**Task data:**
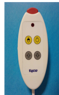
Manipulateur série Mix.SD15
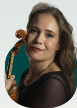
Leila Josefowicz 約絲科域芝

Recorded at Louise M. Davies Symphony Hall, San Francisco on 10/3/2022 2022年3月10日 三藩市路易斯戴維斯 交響音樂廳錄音
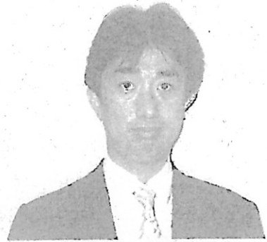
岡部情報政策課参事官

MINTASは、昨年の座談会でも概要をお話ししましたが、民事裁判事務における書記官事務について、その中核となる公証事務と進行管理事務に重点を置き、これを的確かつ迅速に支援するとともに、特に応答性の確保及び操作性が改善されたシステムとすることを目指し、平成18年4月から開発を進め、本年2月12日に第1次導入庁であるさいたま地裁に導入し、本格稼働を開始したところと ろです。開発にあたり、パイロット庁である東京地裁とさいたま地裁の職員の皆様には、帳票、画面、マ
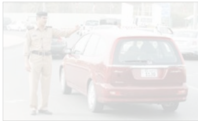
.. والنقيب سعد الجلال
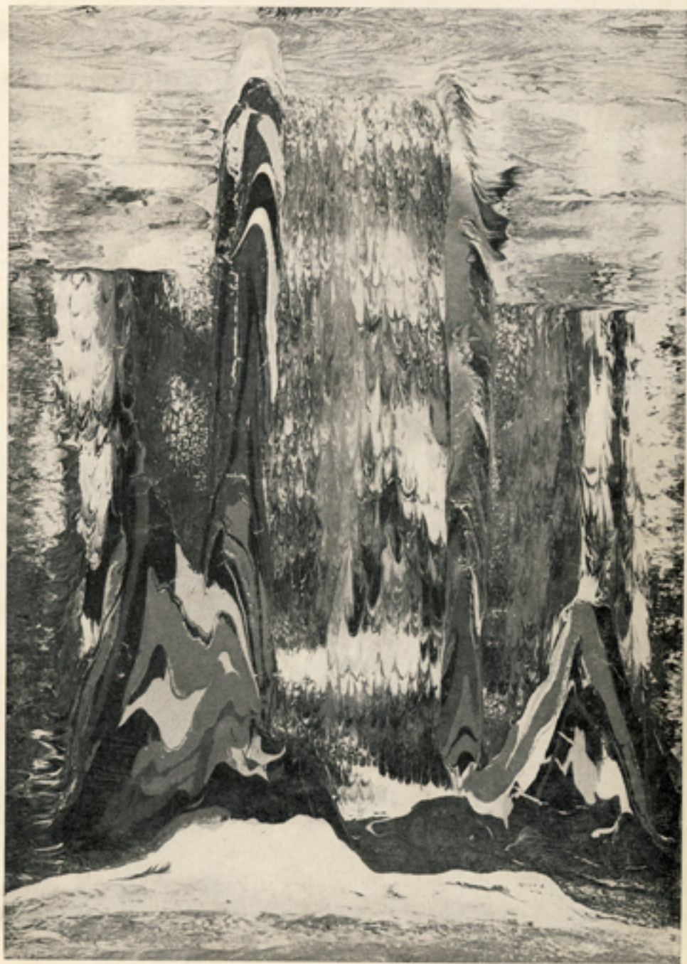
Acque e luci, 30x40 - Coll. Sig.ri André Lapointe, Laval, P.Q.
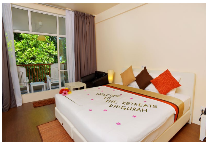
Le Shairose Deluxe si trovano in un'altra costruzione a due piani, 4 camere al piano terra e 4 al piano superiore. Ogni camera ha una veranda o terrazza e quelle al piano superiore hanno la vista verso il mare.
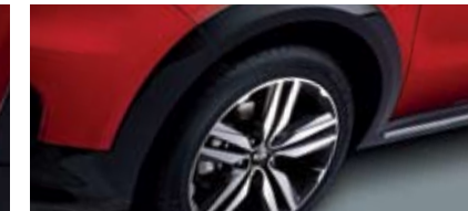
휠 아치 가니쉬

※ 상기 사양구성은 차급, 차종 및 선택 사양에 따라 다르게 적용됩니다.
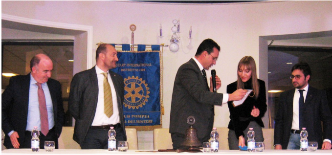
Il presidente offre il labaretto alla scrittrice
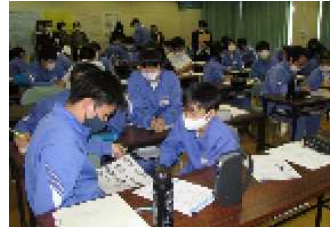
2年1組 リフレーミング
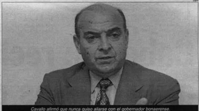
Cavallo afirmó que nunca quiso aliarse con el gobernador bonaerense

«Si Duhalde busca ganar la elección por el Plan Cavallo» en una de esas voy al apoyo. A lo mejor, si adopta el Plan Cavallo comienza a acortar distancias con De la Rúa, señaló el aspirante a la presidencia al hacer mención a las últimas encuestas que hablan de una ventaja de más de 10 puntos en favor del candidato de la Alianza. En declaraciones a radio Del Plata, agregó que «a nosotros nos interesa trabajar con quien sea, con Duhalde, De la Rúa, o con cualquier dirigente que tenga buenas intenciones, que tenga un plan y que sepa qué se a hacer el día que acceda al poder». Por otro lado, Cavallo ratió sendos en los que se señala que obtiene un 10 por ciento de votos en Capital Federal y Gran Buenos Aires, al afirmar «las encuestas coinciden con las que hacemos nosotros todas las semanas».
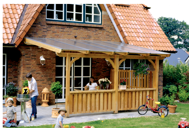
Kundenfoto: Terrassenüberdachung mit Brüstungen und Seitenwand
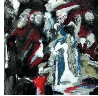
شكل (24) من أعمال الباحثة: الحرب 1، 16سم × 16سم، أكريليك على ورق، 2020.

من خلال معايشة الباحثة لأحداث ثورة 25 يناير، تلك الفترة الثورية التي غيرت من مجرى الأحداث السياسية لمصر، وما تلاها من أحداث كثيرة، كان الشعب هو من يدفع ثمن تلك التغييرات، فقدنا الكثير من الشهداء من الشباب والأطفال والنساء ورجال الشرطة والجيش، فقد نالت تلك الفترة فرداً من كل بيت مصري، وكانت دماء المصريين تملأ الشوارع وحدود البلاد، الآن حققنا التغيير، ولكننا لم ننس شهداء الوطن ممن دفعوا أرواحهم ثمناً لكى نحى حياة كريمة، رسمت أربعة شبابيك، يختلف كل شبابيك عن الآخر، هناك من فتح أبوابه وأرفف شبابيكه على مصراعيه، وشارك بالأحداث، ومنهم من تعرض لها بشكل غير مقصود ودون أن يشارك فعلياً، قد يكون خرج فى يوم لأداء عمله، لكنه تعرض للقصف الناري فى اشتباك بين الثوار والشرطة، وهناك من التزم الصمت وظل يشاهد المشهد عن بعد، لكن الموت نال منه أيضاً وأخذ منه شهيداً، نرى تأثير الطلقات النارية على كل الشبابيك التى تخرج منها أفرع الصبار بتنوع أشكالها، استخدم الصبار كتعبير عن الموتى أو المقابر، والذى يظهر بدوره الحزن داخل كل بيت، تظهر فى الجانب الأيسر من العمل بشفاافية، امرأة تجلس فى وضع ساكن وفى هدوء، ترمز إلى الأم والأخت والزوجة والابنة التى تفقد الأب أو الزوج بسبب الحرب.
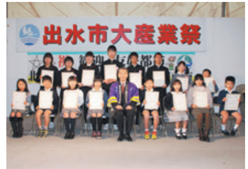
賞状を手にする受賞者の皆さん
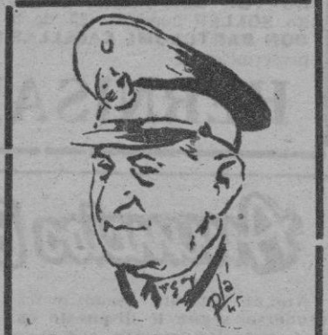
General Dutra, Presidente del Brasil

La Conferencia de Río de Janeiro tendrá, además, inusitada
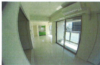
■室内 (9F) ■
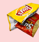
envases de plástico
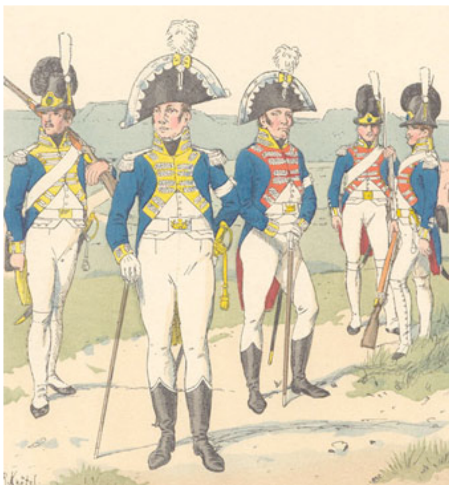
Officiers et soldats des Konungens Svea Lif Garde et Andra Lif Garde en 1807.

Sources: Aminoff, Sveriges Krig , vol. 1
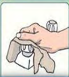
5. Vire nan Tap
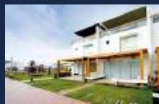
Asia del Sol = 2009
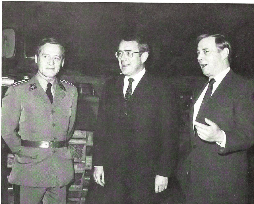
Drei glückliche Gesichter vor dem ersten Pz 87, Leo, aus Schweizer Produktion. (Kkdt Lüthy, Bundesrat Koller, Rüstungschef Wittlin).

Im anschliessend vorgeführten Film erhielten die Anwesenden einen Einblick in den Schweizer Lizenzbau des Pz 87, Leo. In eindrücklichen Bildern wurde der Beitrag der zwölf Konsortiumsmitglieder, welche unter dem Generalunternehmer Contraves zusammengefasst sind, vorgestellt. Zu den Klängen des Spiels der Eidgenössischen Konstruktionswerkstätte, unter der Leitung von Edith Sahli, konnten alsdann die zwei Panzer sowie die Integrationshalle – wo der Zusammenbau des ganzen Panzers erfolgt – besichtigt werden. So liess es sich auch Bundesrat Koller nicht nehmen, für einmal den Platz des Wagenkommandanten einzunehmen.
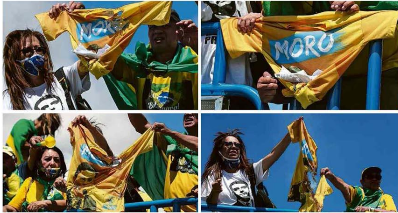
Manifestantes em Brasília colocam fogo em camiseta com imagem do ex-ministro Sergio Moro; protesto teve gritos contra o STF.
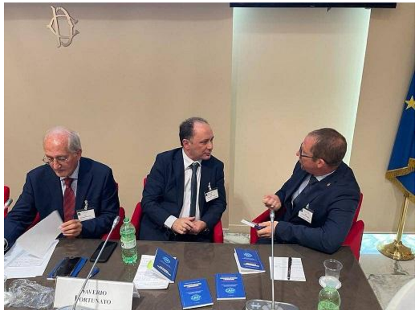
Insieme al Dr Mar S. Champlin (Direttore NCIS Ambasciata USA) Camera dei Deputati

Autorizzo il trattamento dei dati personali contenuti nel mio CV ex art. 13 del decreto legislativo 196/2003 e art. 13 del regolamento UE 2016/679 sulla protezione dei singoli cittadini in merito al trattamento dei dati personali
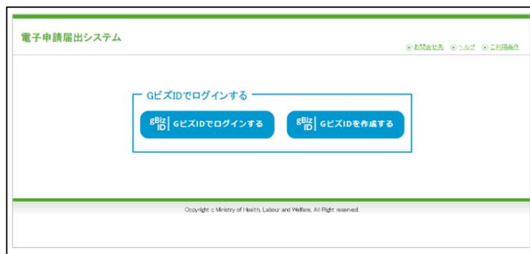
【本システムのログイン画面イメージ】

本システムでご利用できるGビズIDのアカウント種類は、「gBiz IDプライム」と「gBiz IDメンバー」のみになります。

**Task to carry out:**
Only these lines belong in the answer: the first line of the listing above through the line holding "Cavallo afirmó que", printed exactly and without pictures.

**Task solution:**
Manipulateur série Mix.SD15
Leila Josefowicz 約絲科域芝

Recorded at Louise M. Davies Symphony Hall, San Francisco on 10/3/2022 2022年3月10日 三藩市路易斯戴維斯 交響音樂廳錄音
岡部情報政策課参事官

MINTASは、昨年の座談会でも概要をお話ししましたが、民事裁判事務における書記官事務について、その中核となる公証事務と進行管理事務に重点を置き、これを的確かつ迅速に支援するとともに、特に応答性の確保及び操作性が改善されたシステムとすることを目指し、平成18年4月から開発を進め、本年2月12日に第1次導入庁であるさいたま地裁に導入し、本格稼働を開始したところと ろです。開発にあたり、パイロット庁である東京地裁とさいたま地裁の職員の皆様には、帳票、画面、マ
.. والنقيب سعد الجلال
Acque e luci, 30x40 - Coll. Sig.ri André Lapointe, Laval, P.Q.
Le Shairose Deluxe si trovano in un'altra costruzione a due piani, 4 camere al piano terra e 4 al piano superiore. Ogni camera ha una veranda o terrazza e quelle al piano superiore hanno la vista verso il mare.
휠 아치 가니쉬

※ 상기 사양구성은 차급, 차종 및 선택 사양에 따라 다르게 적용됩니다.
Il presidente offre il labaretto alla scrittrice
2年1組 リフレーミング
Cavallo afirmó que nunca quiso aliarse con el gobernador bonaerense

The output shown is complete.